Now i am wondering what predictProbability means. I thought that PredictProbability meant the probability that the prediction is correct. Now all the probabilities are the same and the input is different. Can somebody tell me what PredictProbability means or am I using it wrong?

Thanx in advance,

Joris Valkonet

This is an interesting query - I would write it as "PredictProbability([Bike Buyer])" however, the syntax is semantically the same. Another thing to try is PredictNodeId([Bike Buyer]) to see exactly the node used for the prediction and then check that node to see the distribution.

It's possible that PredictProbability(Predict([Bike Buyer])) is exposing a bug and you should use the simpler syntax above.

HTH

-Jamie

|||

Thank you for your reply.
I modified my query to PredictProbability([bike buyer]) and this made no difference. The result is the same.

Then I checked the PredictNodeId([Bike Buyer]) and this is the result:

FirstName

LastName

bike buyer

Expression

Abby

Malhotra

000000003

Abby

Prasad

000000003

Abby

Rodriguez

000000003

Abby

Srini

000000003

Abigail

Brown

000000003

Abigail

Bryant

000000003

Abigail

Davis

000000003

Abigail

Flores

000000003

Now the nodeId is the rootnode of the tree and the probability of the root node is indeed the value 0.99994590500919611. So if I understand this correct, the rootnode of the decision tree is used for all probability predictions. Is this correct?

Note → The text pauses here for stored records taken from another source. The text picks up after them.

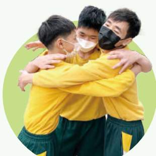
6E班同學在接力賽項目奪得冠軍，隊員相擁祝賀!
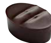
TONKA Ganache à la fève de Tonka
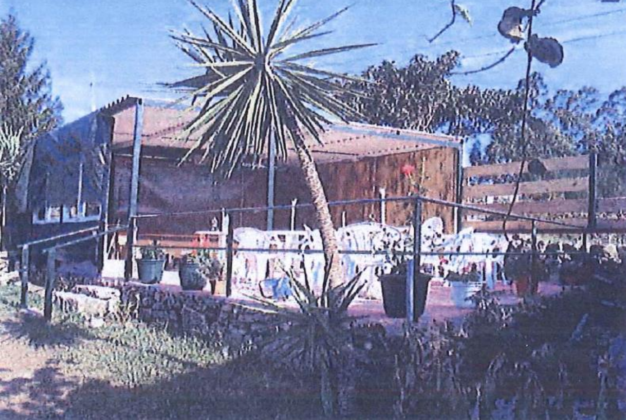
antes da demolição
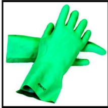
2. Sarung Tangan – Tahan Bahan Kimia
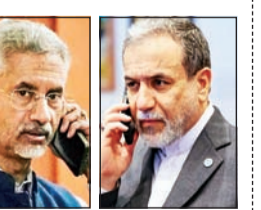
भारतीय जहाजे बुधवारी रात्री ते

इराण युद्धामुळे पर्शियन आखाताला ओमानच्या आखाताशी जोडणारा अरुंद जलमार्ग सध्या बंद आहे. जगातील कच्च्या तेल एक पंचमांश भाग सामान्यतः होर्मुझच्या सामुद्रीधुनीतून जातो. अमेरिकेक आणि इस्पायलने इराणवर केलेल्या हल्ल्यांमुळे द्रवीभूत पेट्रोलियम वायू, द्रवीभूत नैसर्गिक वायू आणि कच्चे तेल असलेले हे टँकर्स होर्मुझच्या सामुद्रीधुनीत अडकले आहेत.
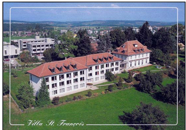
Villa St-François Vue aérienne de la Villa St-François

l'égide de l'HFR. Toutefois, en complément aux possibilités offertes par l'hôpital public, il est prévu de créer une fondation de soutien au centre de soins palliatifs, destinée à lever des fonds pour des projets spécifiques.

(Maybe my query is incorrect and therefore the whole DMX query below)

SELECT
t.[FirstName],
t.[LastName],
[bike buyer],
PredictNodeId([bike buyer]) AS [Predicted NodeId]
From
[v Target Mail]
PREDICTION JOIN
OPENQUERY([Adventure Works DW],
'SELECT
[Gender],
[FirstName],
[MiddleName],
[LastName],
[BirthDate],
[MaritalStatus],
[EmailAddress],
[YearlyIncome],
[TotalChildren],
[NumberChildrenAtHome],
[HouseOwnerFlag],
[NumberCarsOwned],
[AddressLine1],
[AddressLine2],
[Phone]
FROM
[dbo].[ProspectiveBuyer]
') AS t
ON
[v Target Mail].[First Name] = t.[FirstName] AND
[v Target Mail].[Middle Name] = t.[MiddleName] AND
[v Target Mail].[Last Name] = t.[LastName] AND
[v Target Mail].[Birth Date] = t.[BirthDate] AND
[v Target Mail].[Marital Status] = t.[MaritalStatus] AND
[v Target Mail].[Gender] = t.[Gender] AND
[v Target Mail].[Email Address] = t.[EmailAddress] AND
[v Target Mail].[Yearly Income] = t.[YearlyIncome] AND
[v Target Mail].[Total Children] = t.[TotalChildren] AND
[v Target Mail].[Number Children At Home] = t.[NumberChildrenAtHome] AND
[v Target Mail].[House Owner Flag] = t.[HouseOwnerFlag] AND
[v Target Mail].[Number Cars Owned] = t.[NumberCarsOwned] AND
[v Target Mail].[Address Line1] = t.[AddressLine1] AND
[v Target Mail].[Address Line2] = t.[AddressLine2] AND
[v Target Mail].[Phone] = t.[Phone]

|||

Something wierd is happening here - Predict([Bike Buyer]), which is equivalent to saying just [Bike Buyer], returns the highest probability value for the prediction. That means that whatever node the tree goes to, it will return the highest probability state for that node. I can't see how you are getting different prediction results from the same node.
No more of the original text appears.